Using Illumina sequencing (288 samples in total), we obtained 3169 million fungal sequence reads, which clustered into 4134 different OTUs. Across all conditions, the RAF communities contained approximately three times fewer OTUs (219 ± 12) than the SAF communities (764 ± 10, F = 16,155, p < 0.001). P fertilization caused a reduction in the OTU richness of RAF in the organic layer (Fig. 3b) but did not affect Shannon diversity (Fig. 3e). The N and N + P treatments did not have any effects on RAF richness or Shannon diversity (Fig. 3b, e, Table 2). SAF richness and Shannon diversity were unaffected by any fertilizer treatment (Fig. 3c, f, Table 2).

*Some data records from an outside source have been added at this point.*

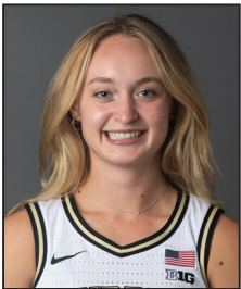
14 AVA LEARN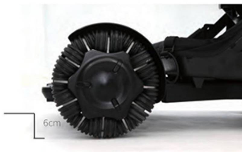
The unique Omni-wheels of iMOVING A1 chair, let you choose your own path from curbs, to cobblestones, to grass. Allow you to go courageously. Parks, beaches, and yards, anywhere.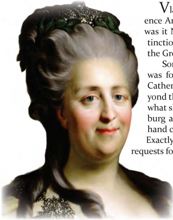
Catherine the Great, by J. P. Lampi, c. 1780s.

Vladimir Putin is not the first Russian head of state to influence American politics, policy, and presidential elections. Neither was it Nikita Khrushchev or Josef Stalin or Alexander II. The distinction belongs to Sophie Friederike Auguste, a.k.a., Catherine the Great, Empress of the Russian Empire from 1762 to 1796.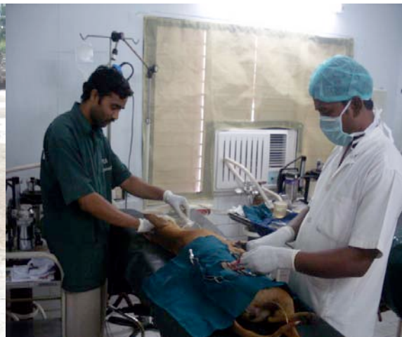
Our vets conducting Surgery

Variations in RAF and SAF OTU richness or Shannon diversity were often observed during different seasons and among the forests (Table 2). OTU richness in the organic layer of RAF and SAF was higher in the organic layer than in the mineral soil (Fig. b,c).

Differential abundance measurements aimed at identifying the distinct fungal OTUs that responded to treatments were unsuccessful because the majority of the OTUs were represented by low and variable numbers of sequence reads spread across 92 fungal orders (Supplement Table S6). We tested whether fertilizer treatments influenced fungal community composition, but we did not detect any treatment effects, whereas forest, soil layer and season caused significant differentiation within the EMF, RAF, and SAF communities (Supplement Fig. S2a, b, c).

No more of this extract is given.